Big Banks: the Principal-Agent problem which isn't discussed

  Alan Kohler has written an interesting article about the illusions of bank capital.

This brings to mind the basic Principal-Agent problem of Banks that are 'Too Big To Fail'. The average main board director of a Big 4-5 Bank in Australia is paid at least $5m to run a very highly leveraged business with insufficient capital to deal with a significant but not unprecedented bad debt problem. Westpac in 1991 quickly became insolvent due to its exposure to property developers and there was no clawback of board remuneration. Losing your job doesn't seem to be enough of a penalty.

The Principal-Agent problem is a serious one for our banking system and rarely discussed.

From Wikipedia:

The principal–agent problem (also known as agency dilemma or theory of agency) occurs when one person or entity (the "agent") is able to make decisions on behalf of, or that impact, another person or entity: the "principal". The dilemma exists because sometimes the agent is motivated to act in his own best interests rather than those of the principal. The agent-principal relationship is a useful analytic tool in political science and economics, but may also apply to other areas.

Common examples of this relationship include corporate management (agent) and shareholders (principal), or politicians (agent) and voters (principal).[1] For another example, consider a dental patient (the principal) wondering whether his dentist (the agent) is recommending expensive treatment because it is truly necessary for the patient's dental health, or because it will generate income for the dentist. In fact the problem potentially arises in almost any context where one party is being paid by another to do something, whether in formal employment or a negotiated deal such as paying for household jobs or car repairs.

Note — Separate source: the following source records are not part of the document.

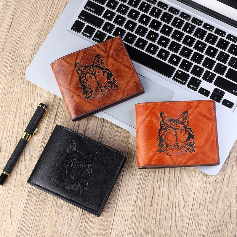 メーカーの現物の対外貿易は短い財布の復古風の男性の金の狼の頭のお金を採取してpuの革のカードを挟んで卸売りを包みます。
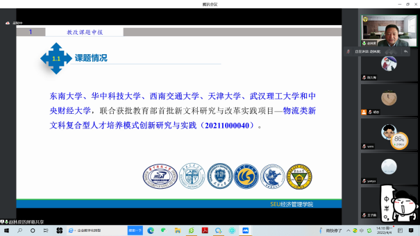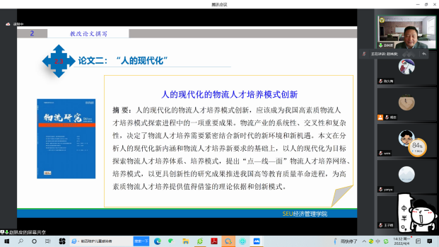 随后,学院物流管理系主任张军教授结合国家一流专业物流管理专业建设情况以及自己申报获得重庆市重点教改项目的体会,重点分享了公司产品改革研究项目申报选题、研究方向、内容撰写等方面的宝贵经验,特别指出了基于当前国家地方重大需求思考自己专业、课程人才培养的着力点的重要性。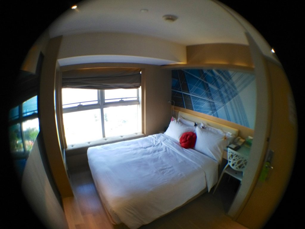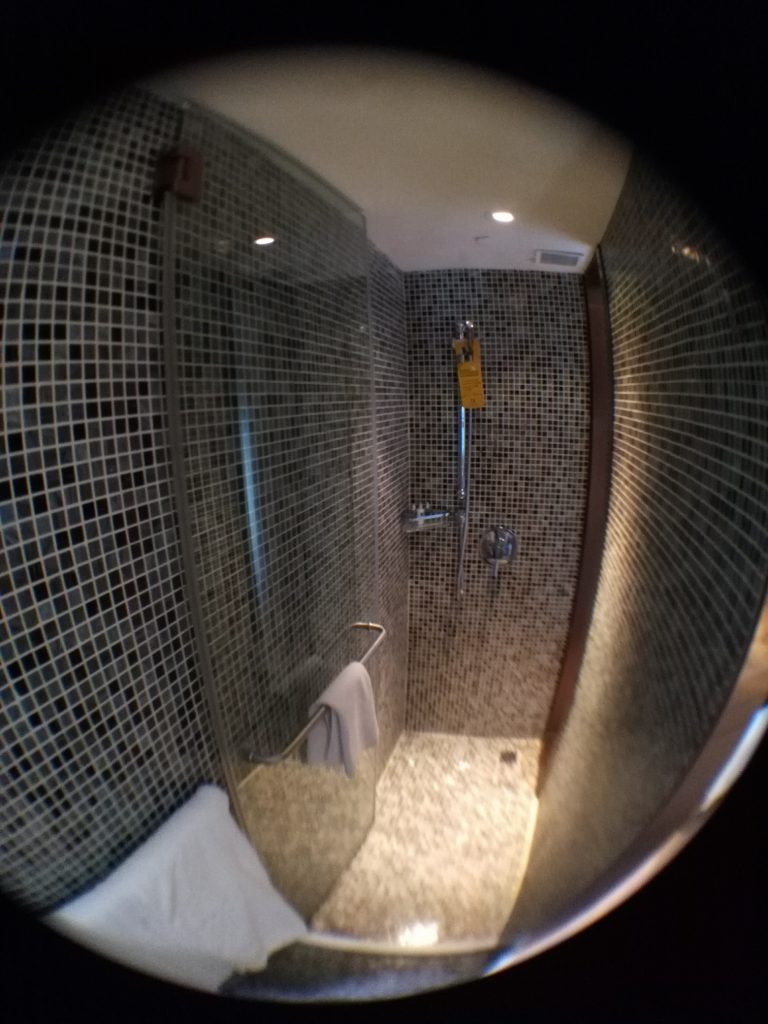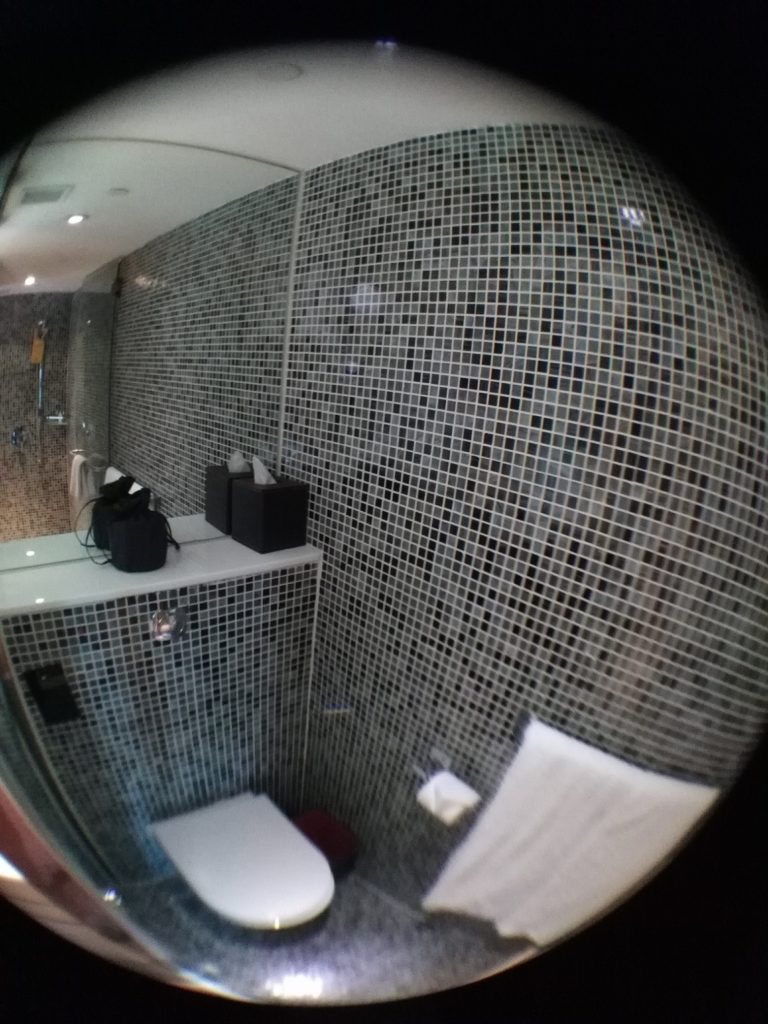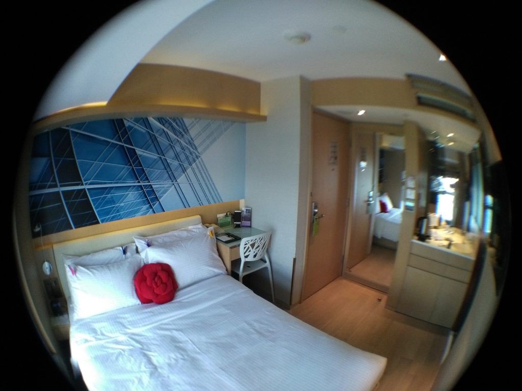 Vom Ibis Hong Kong Central, wo ich aus dem Minibus ausgestiegen bin, waren es weniger als fünf Minuten zu laufen zu meinem Hotel, dem „Butterfly on Waterfront“. Das Gebäude, in dem sich das Hotel befindet, ist super schmal. Da es so schmal ist, gibt es auf jeder Etage nur drei jeweils relativ kleine Zimmer. Aber das ist zum einen in Hongkong bei sehr vielen Hotels so und zum anderen war das Zimmer sehr durchdacht eingerichtet und gemütlich. Um davon einen Eindruck zu vermitteln, habe ich wieder ein paar Bilder mit dem Fisheye-Objektiv fürs Handy gemacht. Außer einem Schrank hatte das Zimmer alles, was man braucht. Statt Schrank gab es allerdings eine Nische mit Kleiderstange und eine Schublade unter dem Bett, in der man seine Sachen verstauen konnte. In einer weiteren Schublade unter dem Bett war der Safe untergebracht – sehr praktisch.

The problem arises where the two parties have different interests and asymmetric information (the agent having more information), such that the principal cannot directly ensure that the agent is always acting in its (the principal's) best interests,[2] particularly when activities that are useful to the principal are costly to the agent, and where elements of what the agent does are costly for the principal to observe. Moral hazard and conflict of interest may arise. Indeed, the principal may be sufficiently concerned at the possibility of being exploited by the agent that he chooses not to enter into a transaction at all, when that deal would have actually been in both parties' best interests: a suboptimal outcome that lowers welfare overall. The deviation from the principal's interest by the agent is called "agency costs".[2]